Thanks again geeteeohguy, '65 and jmt. I'm looking at a 7 blade 18.5" fan on Ebay from a '66 Cadillac. Needs a good cleaning and paint, but she's solid. $29.99 + $15 shipping. That is the absolute lowest price I've seen yet, and I've looked at literally THOUSANDS. (I've got a headache). These people are PROUD of their crap! (And the thing is, it doesn't seem anyone is bidding on ANY of it!). Oh well, I guess I'd better snag it . Some of those puppies want between $50-$599+. Gtog, yep, the fan is half in and half out of the shroud. Put a new stat in it. Drilled 2 small holes in it too. Also, that's what I meant about revving the engine-she lifts slightly when I goose it, and wasn't quite sure about the tolerances there. Put her back together today, and cranked it up briefly- ran it 15 seconds. Shut off fine. Started it back up, ran about a minute- shut it off. Dieseled! AAARRRGGGHHH!!! :willy: Time to pull the carb AGAIN. Time to check the timing AGAIN. This dieseling has me worried after the escapades of the other day! Like I say- It never did it before. What changed? I do not know! "65, the gauge is a mechanical with the tube. I believe it is accurate. Jmt- I'm trying to avoid the clutch- had a couple of bad experiences with them. I'll get one if I absolutely have to, but not until. Anyone got any ideas about the dieseling issue? Thanks all.


----------



## geeteeohguy (Feb 2, 2008)

Check the idle dashpot and idle stop screw. If the throttle blades are open too far at shut down, it'll diesel. The idle speed needs to be just right (not too high) and the throttle needs to close all the way at shut down.


----------



## Instg8ter (Sep 28, 2010)

bad gas???


----------



## gjones (Oct 8, 2012)

*Hot potatoe*

Gtog, 10-4 on the throttle plate screw (etc...) adjustments.(No dashpot in this carb, though). Ripped it apart last night, cleaned it, and double checked specs. The throttle plate screw adj. was definately a tad overwound. Plates were pretty far away from the body. Will recalibrate everything and try it again. Instg8- coincidentally, I had just returned from the gas station. That was the first refill in a couple of months. This station is in the throws of moving, so maybe (hopefully) that is it. Also, in the right side bowl, one black spec was floating near the primary jet-wonder if that was trying to get in the jet? TNX. (Other than that spec of dirt, it was as clean as the day I put it together a few months back).


----------



## gjones (Oct 8, 2012)

*Eureka, (maybe)*

Well, I cleaned and adjusted the carb (and doubled up the cheesy base gasket- rotten thin ones.
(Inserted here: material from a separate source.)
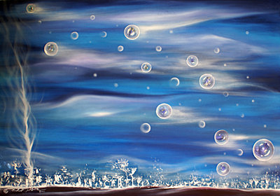 Mikro ya da makro, evrendeki her küre bir baska yasam, bir sir sakliyor içinde. Atomun çekirdegi, dünyamiz, günes, kanimizdaki alyuvarlarlar, akyuvarlarlar… Içinde var olabildigimiz, kendi küçük gezegenlerimizi yaratip yasadigimiz küreler… Bizim için önemli, bizi kavrayan, kavradiklarimizi koruyan, kendi içimizde tüm ve bütün kalabilmemizi saglayan küreler. Sanatçinin “Bubbles” resim serisinin çikis sebebini olusturmuslar…
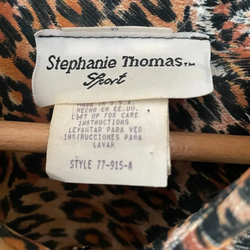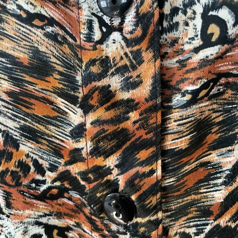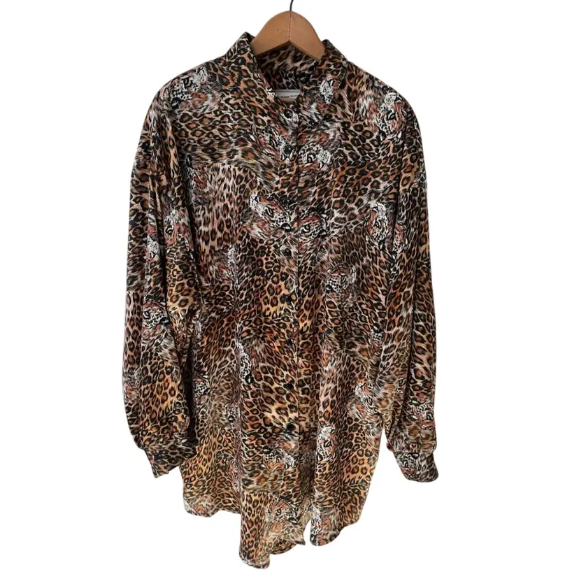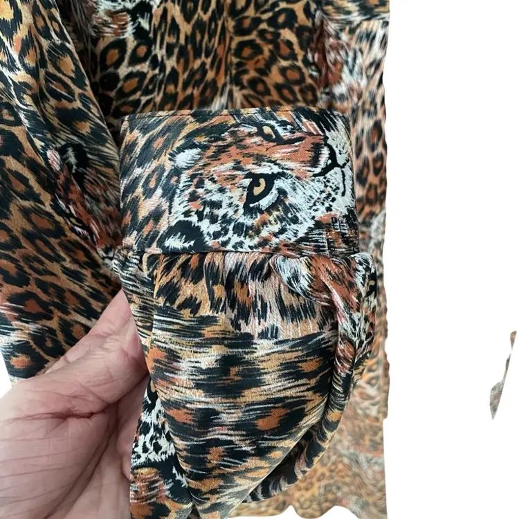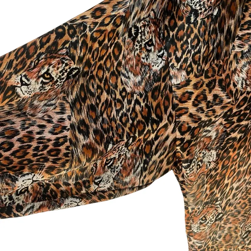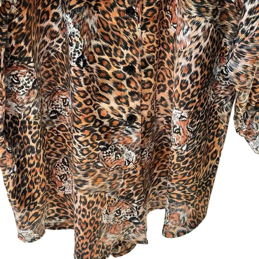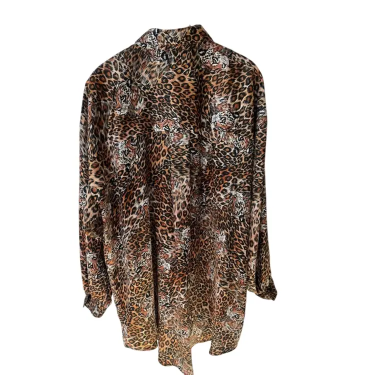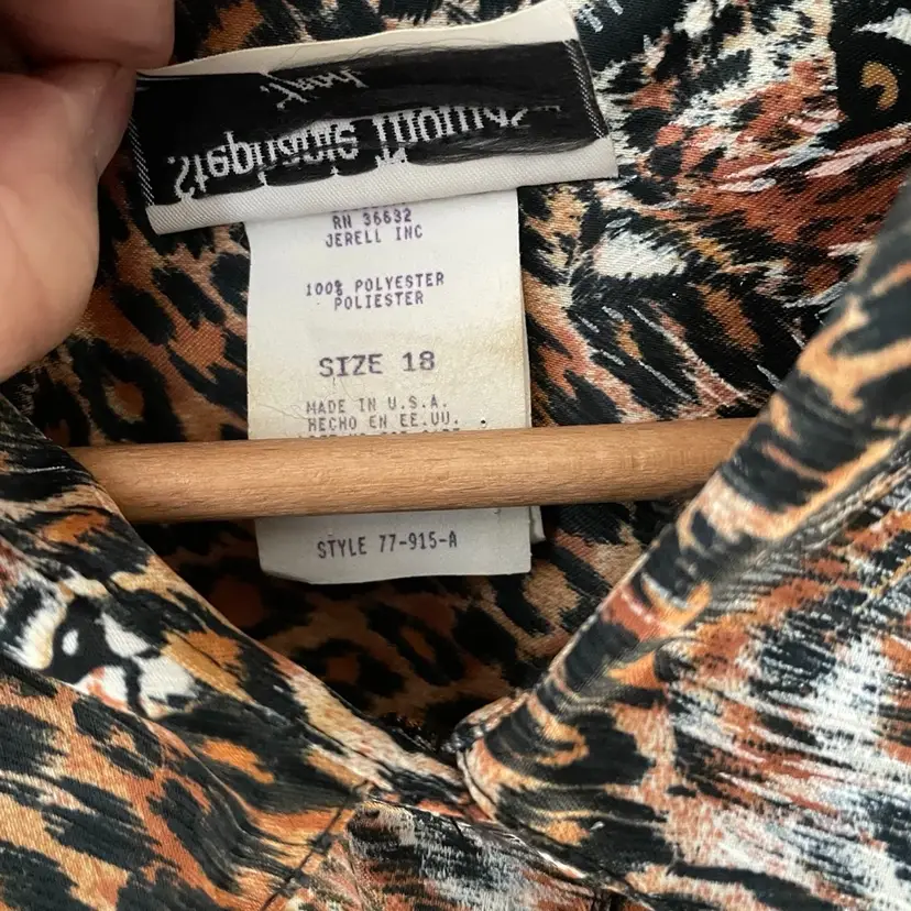 Size 18 . 100% Polyester. Very well made and the print is really classy looking. Button front & cuffed sleeves.

Can't seem to locate a nice thick base gasket for this Carter without purchasing a whole bloomin' kit). Started it (nervously) for a few seconds and shut it off. No dieseling. Repeated until it got to temp with the radiator cap off. No dieseling. WHEW. Revved it and watched coolant circulate like it NEVER did before-Even with the old radiator and the 326 in it. Put the cap on it and ran it about 20 minutes- both top and bottom hoses were nice and squishy, and temp was right on the button! :cool Revved it a few times and could hear a very faint whistling from carb, couldn't tell exactly where though. (Perhaps that doubled base gasket?). But, she ran EXCELLENT! Will take her for a burn tomorrow, and report back. Thanks for all the swell advice!


----------



## Instg8ter (Sep 28, 2010)

if you got the bottom of their tanks you got water....troubleshooting 101 eliminate the obvious. When you said been a long winter, got me thinking i just started mine first time in two months for same reason, made sure to top off 3/4 tank with 106 last time i was out and i keep in heated storage but i was still worried about the old gas.


----------



## gjones (Oct 8, 2012)

*High octane? What's that?*

106??? I didn't think they even MADE Ethyl (or Myrtle for that matter) anymore! Antiquated and fusty things of the past! Oh, how I pine for a time machine! I think the highest octane around these parts is around 94-96%. I mix some low-test with some high test just for giggles. (An old timer once told me that would boost the ratings some, if mixed properly. Years later, I heard that had some validity to it. Back in the 80's, I would do that with my Cadillacs, and could actually notice a considerable difference in the throttle response). I think they make an additive to put in the gas to extend it's life while it's sitting dormant for awhile, but costs like the dickens (though a good investment if you've got a few gallons worthy of preserving). Regards


----------



## Rukee (Feb 8, 2007)

If you have a circle race track around you call them and ask where they sell the race fuel. There are 3 stations around me within 20 miles. Especially useful if you have a high compression engine, not so much or at all if you have a low compression engine. And if you store your car with a full tank of fuel no worries just storing over the winter. I've never used any additive in 17+ years with no issues.


----------



## gjones (Oct 8, 2012)

*Spring issue*

Well, took 'er out for a lil spin. Shoobiedoobiedowap! What an enjoyable experience! 180 degrees down the highway, 190 at stop lights on the feeder road! Ran responsive and strong. Pulled in driveway, and let her idle for 15 minutes-she was at 195 When I backed 'er into the garage. Shut off. NO DIESELING again.  Temp crept to 220 and stayed put right there,and so I cranked it back up, temp went right back to 190. If 220 is all it gets to, then I think I can live with it. Or is 220 still too high after shut down? Closed the garage doors and started going into the house when I heard a loud "BANG". My heart stopped (and my drawers suddenly became a different color!). Went in to see the garage door spring still bouncing on the cable about a foot away from the left fender! She done come loose! Cable snapped! Fender was covered with bits of the ceiling where the spring smacked it, but no scratches! ( Somebody must be trying to tell me something, I guess. :lol:


----------



## jmt455 (Mar 26, 2012)

That's great news! (about the car, not about the garage door...)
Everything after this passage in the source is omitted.